Varieties which set well will have to be thinned every year, unless it’s a challenging winter, even if you have just one peach peach tree. If it’s a self-pollinating peach tree (just about all are) then some of the flowers will pollinate themselves before they even open. It’s very likely you will either have to thin a heavy setting peach tree (like Redhaven) or if it’s a cold enough winter, likely have no fruit at all.

I think Contender and Redhaven are fine choices. I would substitute Madison for Elberta (Madison ripens about 5 days before Elberta, so it’s still considered a late peach). The four peaches Spuddaddy mentions are generally recognized as some of the most winter hardy peaches. Redhaven isn’t perhaps quite as winter hardy as those, but still very winter hardy in most peach growing locations.

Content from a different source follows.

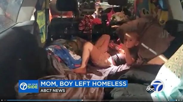 △谢尔比·休斯4岁的儿子在车中生活 (图片来源:美国国家广播公司)

I would skip July Elberta. It ripens with Veteran and Contender (which are better choices for cold climates) so there is no reason to double up on the ripening window. July (aka Kim) Elberta is different than Early Elberta, although sometimes July Elberta is called Early Elberta, but actually Early Elberta is a different peach.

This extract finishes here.